А кок наш вам не говорил,
как вышел кошт
и в прошлом рейсе
он суп из топора варил?..
Народность сэмовских морских баллад и рыбацких виршей то и дело давала о себе знать. Их отличительной чертой были ожидаемость и неизбежность. Что может быть весомей?.. Разве что причащение совсем уже непостижимых в обиходе философских таин. Скажем, новообретенного сэмовского земляка – Иммануила Канта, редкие и сокровенные стихи которого Сэм Симкин где-то чудом раскопал в немецких источниках и взял на себя смелость сделать чуть ли не первый в истории перевод на русский язык поэтических виршей великого кенигсбергца.
И вообще Сэм Симкин открыл стране неведомый, по сути, до него богатый пласт восточно-прусской поэзии. По понятным причинам долгие послевоенные десятилетия томящийся под спудом забвения. И вернувший себе голос в талантливом переложении на русский язык калиниградским моряком с оренбургскими корнями.
…Живёшь как будто как положено,
но обретаешь вдруг вдали,
на том, на противоположном,
повернутом краю Земли,
но обретаешь в окруженье
колец трамвайных, площадей
степное головокруженье
и ржанье рыжих лошадей.
Не о нём ли Бродским были написаны следующие строки: «Если выпадет в империи родиться, лучше жить в провинции у моря…»? Сэм разделил это мнение на все 100, обосновавшись не то чтобы в далёкой морской окраине, а, можно сказать, на самой кромке суровой и нахмуренной державы. Где самые крайние сосны ищут корнями пену морского прибоя. Где серьезные мужики с длинными удилищами выходят ночью на пирс удить жирную рыбу. Где на городском гербе – святилище местных устоев – присутствуют не молот, серп или ракета, а еще более весомый аргумент в пользу жизни на краю земли – аппетитная камбала. Где на узких городских улочках главенствуют не надутые ноувориши, не суконные полисмены и даже не лики с портретов депутатов от партии власти, а местные коты, которым отданы самые теплые в городе места для жития и прикорма. И лучшие местные художники считают за честь расписать усатыми мордочками стены самых красивых в сём приморском городке кирпичных домов с черепичными крышами.
Впрочем, не только ликами котов расписаны нынче стены милого города Зеленоградска. На одной из них есть и кое-что о поэзии. О человеке, что сделал бывший приморский Грац большим литературным событием. А дом 52 по улице Московской в нём – местом паломничества любителей суровых морских баллад…

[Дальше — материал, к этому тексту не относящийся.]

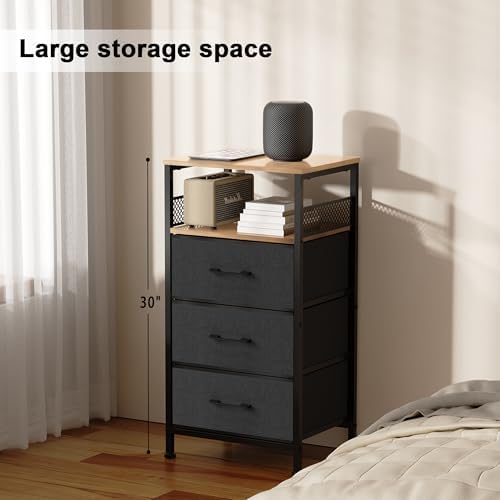 Nightstand, 3 Drawers Bedside Table, 2-Tier Side Table with Fabric Drawers, End Table with Open Shelf for Living Room, Kitchen, Entryway, Natural Oak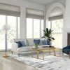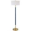 Add visual interest to any room with this two-toned contemporary floor lamp. On-trend neutral colors are perfectly paired with lustrous metallic accents to elevate your design scheme. Its generous French drum shade holds space for two bulbs to cast extra light wherever its needed.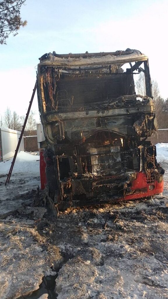 В результате пожара полностью уничтожены кабина и моторный отсек грузовика Renault Magnum.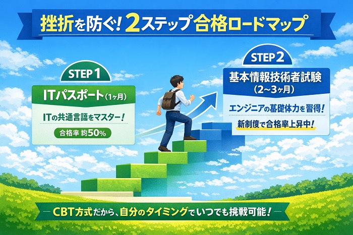 IT未経験の文系初学者が最短で、かつ確実に合格を掴み取るルートは「ITパスポート試験で成功体験を積み、その勢いで新制度の基本情報技術者試験に挑む」という2ステップの逆算戦略です。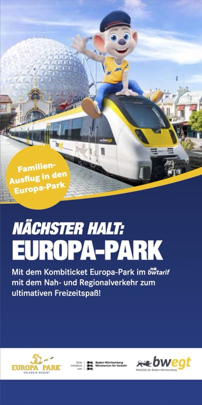 Der Flyer zeigt, wie einfach und umweltfreundlich die Anreise in den Europa-Park mit Nah- und Regionalverkehr ist. Er informiert über Preise, Geltungsbereiche und das praktische Kombiticket Europa-Park im bwtarif – ideal für Freizeitreisende und Familien. Perfekt für alle, die stressfrei und nachhaltig zum ultimativen Freizeitspaß reisen möchten!

Я шёл к нему, судьбы началу,
за тридевять земель
и за
благословеньем –
клокотало
и выжигало мне глаза.
Закольцевало,
как зазноба,
ажурной сканью зазвеня,
ошеломило до озноба
и разом грянуло в меня.
Из книг я вычитал его,
открыл в разноголосом хоре,
но первый раз увидел море –
и стало страшно и легко.
Оно звало меня:
«Пойдё-ё-ём!»
и пряталось в тумане синем,
но было лёгким на помине,
и я стал лёгким на подъём.
Пошёл за совесть и за страх
и не обрёл судьбы дороже:
оно надолго въелось в кожу
и запеклось на вымпелах!
Семь степеней его свободы
всегда несёт в себе моряк.
Их не утратишь через годы,
как невозможно дважды сходу
войти в одну и ту же воду
и как нельзя гасить маяк.
Василий Белов
Особенность русской литературы – ее несоразмерность самой себе. Постоянная ассиметрия лексического и идеологического. Её стесненность литературным контекстом. Острое желание раздвинуться до мировоззренческих форм. По сути – религиозных. Когда идеальной публикацией может считаться чтение с амвона. А комментированием прочитанного – помазание дарами святого духа писателя. То есть – самым глубинным восприятием превносимых русской литературой назидательных догм.

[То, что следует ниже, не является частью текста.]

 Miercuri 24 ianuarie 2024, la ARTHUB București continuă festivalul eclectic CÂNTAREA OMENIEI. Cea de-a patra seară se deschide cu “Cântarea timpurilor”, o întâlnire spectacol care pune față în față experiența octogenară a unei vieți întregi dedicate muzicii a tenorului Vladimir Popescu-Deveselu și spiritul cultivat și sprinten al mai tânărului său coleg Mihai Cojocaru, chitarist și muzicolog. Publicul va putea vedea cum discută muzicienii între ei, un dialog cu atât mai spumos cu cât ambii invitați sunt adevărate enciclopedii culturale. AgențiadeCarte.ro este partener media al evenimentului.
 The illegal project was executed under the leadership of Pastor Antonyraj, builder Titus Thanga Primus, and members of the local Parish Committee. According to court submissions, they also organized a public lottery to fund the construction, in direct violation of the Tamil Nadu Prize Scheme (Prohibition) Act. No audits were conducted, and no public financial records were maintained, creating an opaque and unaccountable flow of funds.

Поэт в России больше, чем поэт. Но и настоящий прозаик должен над собою возвышаться. Чтобы обретя настоящий литературный голос вовремя уметь его перенастроить на публицистический лад. И попытаться переобъяснить изложенное в романе краткой и хлесткой газетной статьей. Чаще всего перечеркивающей всё то, что ты изложил в своих книгах ранее. Как тот же Лев Толстой, одаривший всех "Войной и миром" и после взявшийся своими публицистическими атаками этот литературный дар у нас отнимать. Или – Маяковский, показавший зияющую разницу между просто великим поэтом и оным же, но только размером гораздо "больше".

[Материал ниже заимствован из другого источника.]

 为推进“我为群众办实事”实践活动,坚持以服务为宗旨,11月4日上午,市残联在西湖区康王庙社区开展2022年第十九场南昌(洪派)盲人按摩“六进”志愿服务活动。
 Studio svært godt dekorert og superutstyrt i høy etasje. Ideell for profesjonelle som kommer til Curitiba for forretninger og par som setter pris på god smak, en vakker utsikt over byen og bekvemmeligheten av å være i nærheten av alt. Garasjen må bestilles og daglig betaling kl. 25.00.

Василий Белов вошёл в русскую литературу с тем, с чем каждый из самых даровитых отечественных писателей мечтал бы её покинуть – с бесконечно талантливой, грустной, нежной, светлой, правдивой и горькой песней о жизни русского человека, крестьянина (хотя получилось не о жизни его, а скорей – его изживании ) – "Привычное дело". С не менее жизненно сочными и литературно совершенными – "Плотницкими рассказами". Взять такую высокую писательскую ноту в самом начале литературного пути было дано не каждому. Удержать ее – задача оказалась ещё сложней. Как в фильме про Штирлица: "запоминаются последние фразы". У Белова они вышли недобрыми. Хотя – и во имя, как он был уверен, добра. А так не бывает.
Его ранний Иван Африканыч Дрынов на исходе советской эпохи был номинирован читающей публикой в носители крестьянского духа позднесоветской Руси. Точнее – его остатков, обретших вдруг голос после десятилетий коллективного спертого молчания. И заговоривших вдруг на редкость бойко, ярко и раздумчиво почти что без примерок и разминок, равно как и весь тамошний северно-русский деревенский околоток. Заговорили "за жись", ту, что так усердно не то, чтобы притягивала русского крестьянина к земле, а яростно втаптывала его в оную, наполняя живописные русские просторы не столько крепкими деревенскими дворами, сколько массированно плодящимися крестьянскими погостами.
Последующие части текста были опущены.